The things we find funny or laugh at, often tell us more about who we are, then anything else. Watching TV while sitting with the family (parents, siblings et al) is not something I get to do very often. So i decided to make the most of it, and actually pay attention for a few episodes.

North India’s most popular comedy show, ‘Comedy Nights with Kapil’, has given fiction based prime-time television a run for its money in recent times. I have always been amused at how the same audience which laps up the tears and drama of a North Indian joint family household, seems just as drawn to light-hearted comedy. And then I realised: the key tropes lie on the same axis, except that they explore a very different geography.

I shall talk here of only 2 which stood out for me. I feel both have larger implications, which we should be sensitive of. The others, like Yamraj, celebrity guests, or using the audience as the source for laughs, are tropes that are common across a lot of comedic content and not as interesting.


CNwK is a not a boy’s school skit, or Shakespeare’s Globe Theatre, where all the female roles are played out by men dressed as women. And yet, it is a recurring aspect of the show. Not just via one character, but multiple. It is a daily celebration of the deeply hetero-normative nature of Indian society. Of the utter rigidity that males in India have to suffer when it comes to gender roles, and the utter lack of compunction on the part of the entertainment industry in exploiting it. A sad legacy carried forward from Monty Python and others. It is why Navjot Singh Sidhu, (a turbaned man who houses every possible code of the North Indian man, complete with a successful warrior past, but a genial, wholesome family image) and the audiences of the show continue to find men in drag funny.

The humour is located in the anxiety caused by a man doing drag.

By often showing the cross dresser to be overtly physical and affectionate, Kapil’s show celebrates and endorses visible discomfort and displays of homophobia on national TV. Kapil is merely re-enacting the school courtyard, where the camp boys were mocked and ridiculed, while at the same time taking up disproportionate amounts of the attention of the macho bullys. Kapil is not alone. Many other popular shows, and films use the genuine transvestite, the eunuch and the cross-dresser to create comic situations, or just as worse to define the norm.






The hindi TV soaps of our era are notorious for depicting vicious, petty women who try to ruin the life of other innocent, but resolute women.

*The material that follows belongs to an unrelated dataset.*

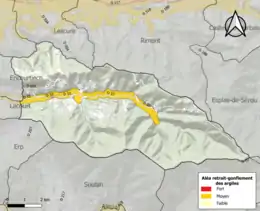 Les mouvements de terrains susceptibles de se produire sur la commune sont soit des chutes de blocs, soit des glissements de terrains, soit des effondrements liés à des cavités souterraines, soit des mouvements liés au retrait-gonflement des argiles. Près de 50 % de la superficie du département est concernée par l'aléa retrait-gonflement des argiles, dont la commune de Rivèrenert[38]. L'inventaire national des cavités souterraines permet par ailleurs de localiser celles situées sur la commune[39].

They celebrate the stereo-types of how within the narrow, stifling corridors of ‘tradition’ and ‘values’ women play out predictable roles and responses to situations. Much is written and spoken about how regressive many of the themes are despite trying to show the protagonist as above it all, and different. About how, invariably, the protagonist & her allies (both male and female) are painted as pure white – representative of the patriarchal ideals of – undying love, child-like simplicity, complete and utter devotion to husband and family, and born for motherhood. And even if they don’t start there, that is seen as the final destination via a path filled with trial and tribulation. The coming of age of the married Indian woman if you will.

But I find Comedy Nights with Kapil and its tropes even more insidious.

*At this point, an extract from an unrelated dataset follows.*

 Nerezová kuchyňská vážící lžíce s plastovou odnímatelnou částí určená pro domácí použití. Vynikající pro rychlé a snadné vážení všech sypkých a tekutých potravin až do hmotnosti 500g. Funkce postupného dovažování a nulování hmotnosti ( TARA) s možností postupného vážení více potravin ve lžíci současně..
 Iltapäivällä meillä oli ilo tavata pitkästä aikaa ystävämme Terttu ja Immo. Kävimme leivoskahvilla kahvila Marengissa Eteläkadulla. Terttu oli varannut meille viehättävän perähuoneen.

Kapil is never, ever self-depricating, as is often true of the best stand-up comedy routines. He stands almost as the unassailable male, central to the drama that happens around him but always making fun of others. Of the naiveté of his often ‘endearing’ wife, a trope for the way an attractive woman should be: pleasant, pretty, happy to be owned and paraded and not as bright or smart as her husband. Of the situations created by the other characters. Of the social or political issues he may touch upon. Again re-enforcing the codes of male patriarchy in a way that the man sitting and watching the show will feel proud almost by association. Kapil either makes fun of how you lack the necessary ingredients to be a real man, or of women and their bemusing traits in general.


But of course, we will celebrate the show and the man, even making t-shirts which reference his amusing catch-phrases. And so the cycle continues. I am much less surprised that the Supreme Court verdict on Section 377 was what it was. I am convinced the eminent judges of the High Court do not watch enough prime-time Hindi television.